Would you return exactly the lines below from the line with "部屋着 セットアップ 韓国" through the line with "During the Festival", both included, and nothing else, leaving out the pictures?

Input >>
-*-*-

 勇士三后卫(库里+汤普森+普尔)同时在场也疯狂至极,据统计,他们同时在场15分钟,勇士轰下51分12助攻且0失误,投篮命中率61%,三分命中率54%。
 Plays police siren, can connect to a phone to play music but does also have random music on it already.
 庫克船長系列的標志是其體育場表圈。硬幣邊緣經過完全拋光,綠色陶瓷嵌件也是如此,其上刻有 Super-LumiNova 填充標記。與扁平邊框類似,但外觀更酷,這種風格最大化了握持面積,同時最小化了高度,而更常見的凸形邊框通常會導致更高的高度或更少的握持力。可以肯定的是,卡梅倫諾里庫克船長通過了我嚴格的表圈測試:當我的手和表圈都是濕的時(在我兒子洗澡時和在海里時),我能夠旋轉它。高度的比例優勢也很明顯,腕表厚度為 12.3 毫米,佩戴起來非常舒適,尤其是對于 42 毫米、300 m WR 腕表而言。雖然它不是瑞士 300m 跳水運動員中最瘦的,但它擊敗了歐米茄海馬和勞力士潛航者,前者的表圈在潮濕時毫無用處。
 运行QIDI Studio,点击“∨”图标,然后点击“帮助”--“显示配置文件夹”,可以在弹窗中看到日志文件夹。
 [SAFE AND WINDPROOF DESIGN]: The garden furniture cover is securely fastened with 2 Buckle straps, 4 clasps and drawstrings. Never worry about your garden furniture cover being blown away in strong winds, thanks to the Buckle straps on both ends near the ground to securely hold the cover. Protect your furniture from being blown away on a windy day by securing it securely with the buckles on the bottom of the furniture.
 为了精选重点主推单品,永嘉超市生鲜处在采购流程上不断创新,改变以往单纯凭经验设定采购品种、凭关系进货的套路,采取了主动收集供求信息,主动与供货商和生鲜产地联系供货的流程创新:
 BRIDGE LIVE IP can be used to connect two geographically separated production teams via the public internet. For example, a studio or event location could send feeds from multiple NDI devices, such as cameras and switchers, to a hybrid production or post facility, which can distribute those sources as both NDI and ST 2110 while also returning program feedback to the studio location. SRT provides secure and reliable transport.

-*-*-

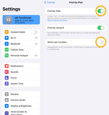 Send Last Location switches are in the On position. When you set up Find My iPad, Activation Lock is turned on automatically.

-*-*-

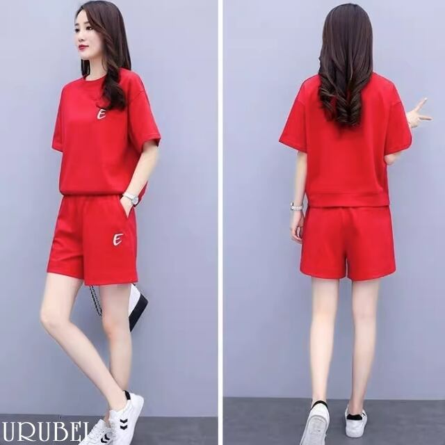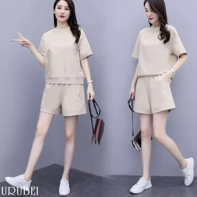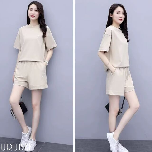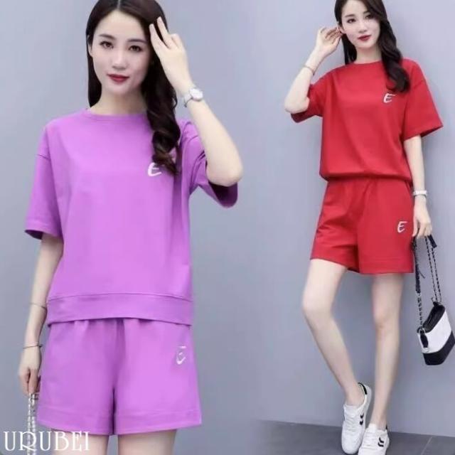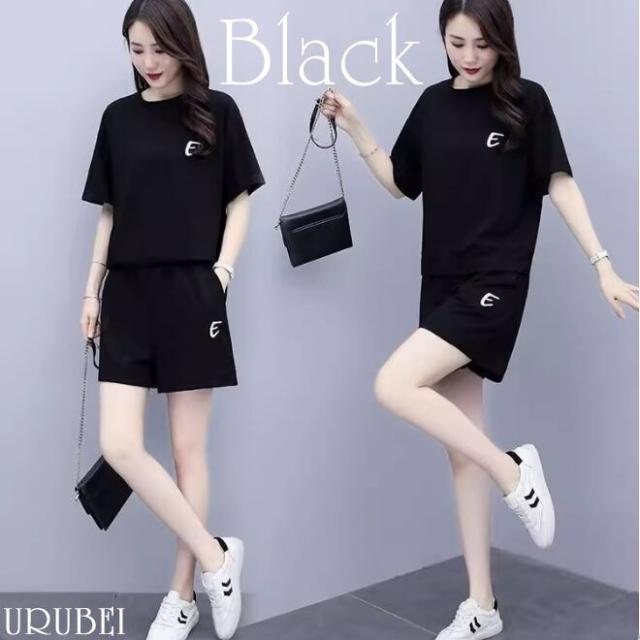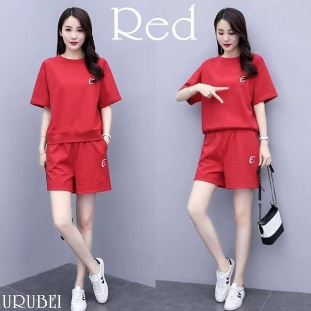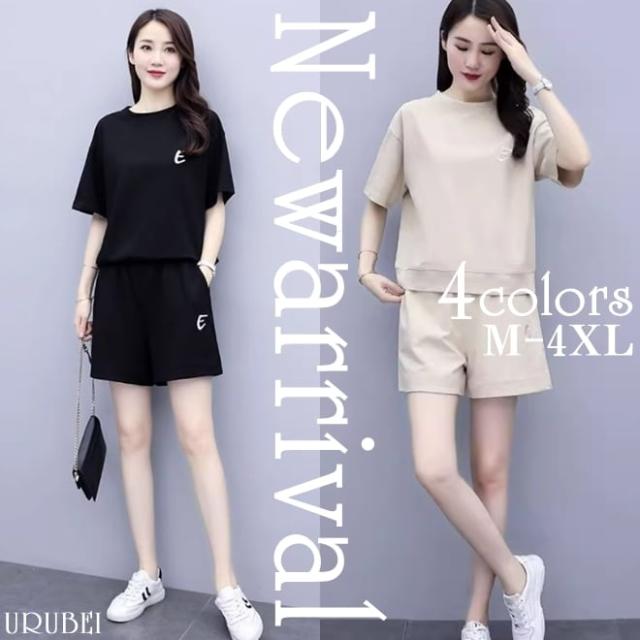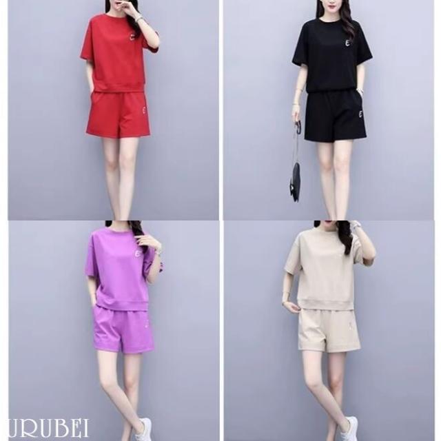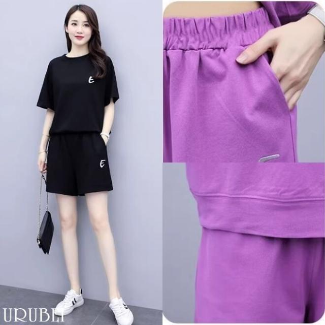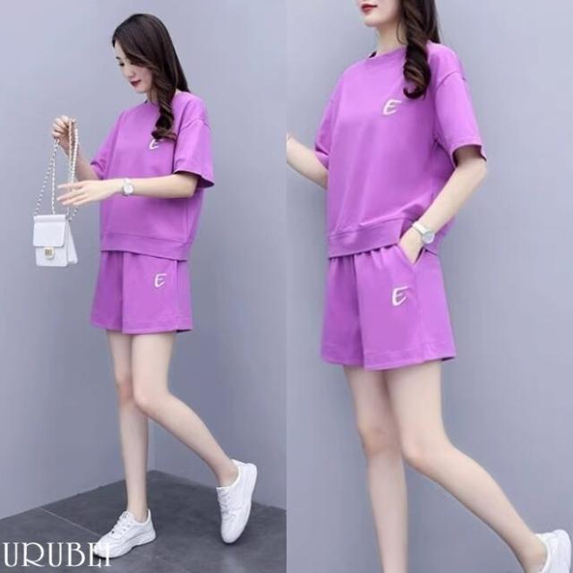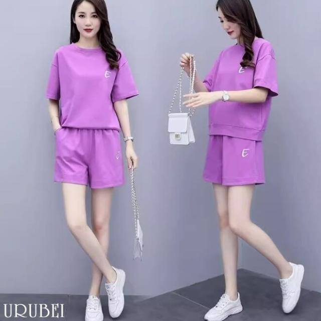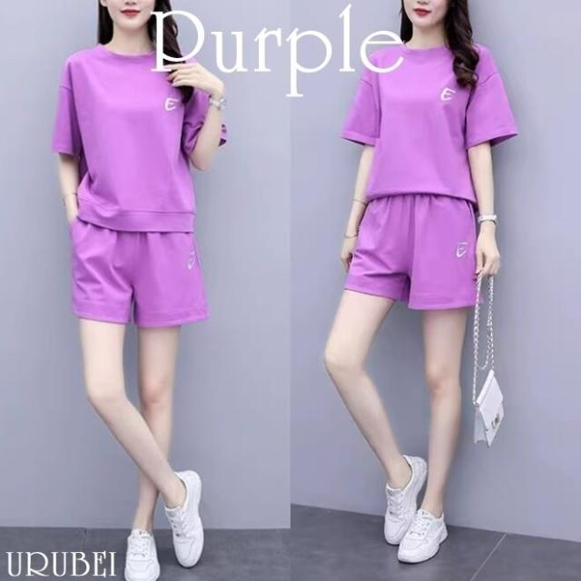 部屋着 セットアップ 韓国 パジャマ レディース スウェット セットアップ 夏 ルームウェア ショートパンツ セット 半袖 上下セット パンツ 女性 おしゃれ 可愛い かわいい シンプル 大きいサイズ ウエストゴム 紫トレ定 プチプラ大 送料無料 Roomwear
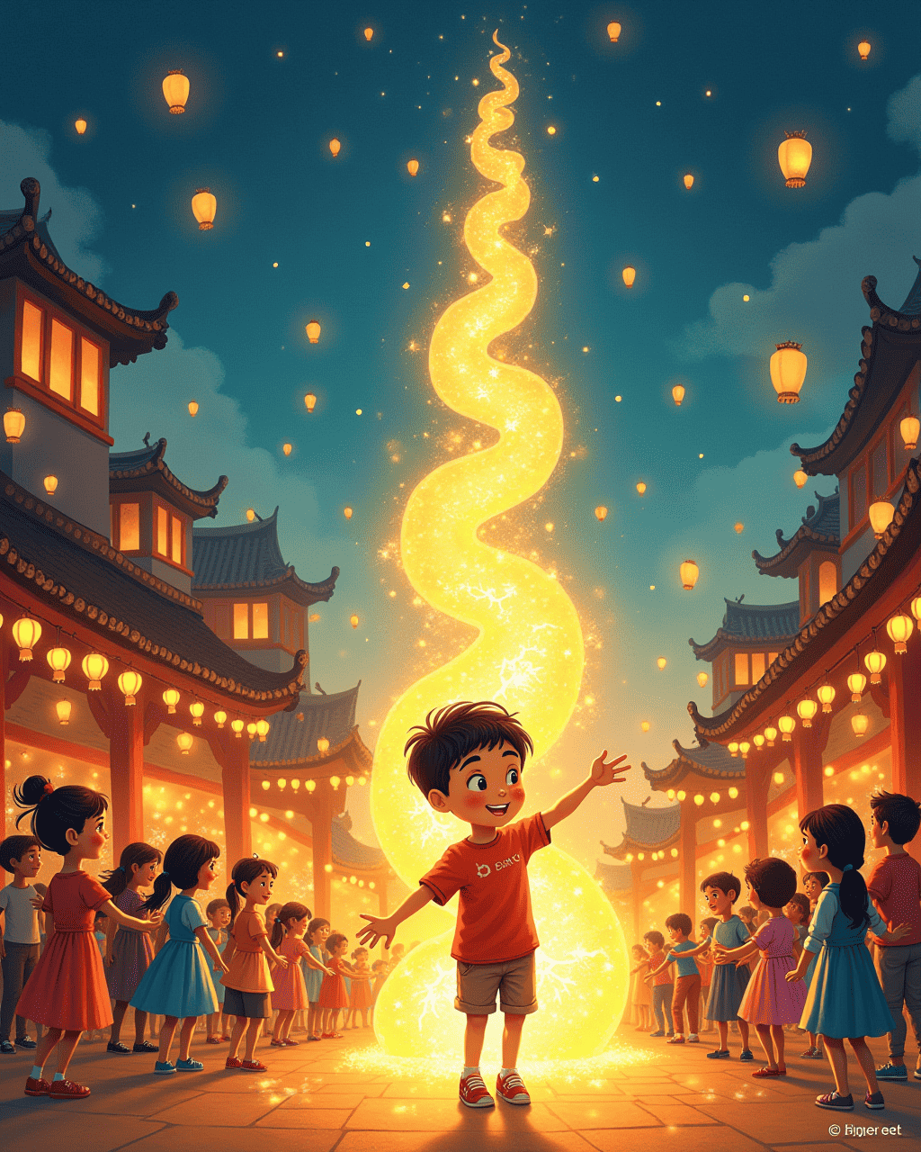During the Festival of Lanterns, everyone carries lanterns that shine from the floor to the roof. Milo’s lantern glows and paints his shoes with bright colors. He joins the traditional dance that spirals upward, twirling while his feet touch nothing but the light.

-*-*-

Solved problem >>
 部屋着 セットアップ 韓国 パジャマ レディース スウェット セットアップ 夏 ルームウェア ショートパンツ セット 半袖 上下セット パンツ 女性 おしゃれ 可愛い かわいい シンプル 大きいサイズ ウエストゴム 紫トレ定 プチプラ大 送料無料 Roomwear
During the Festival of Lanterns, everyone carries lanterns that shine from the floor to the roof. Milo’s lantern glows and paints his shoes with bright colors. He joins the traditional dance that spirals upward, twirling while his feet touch nothing but the light.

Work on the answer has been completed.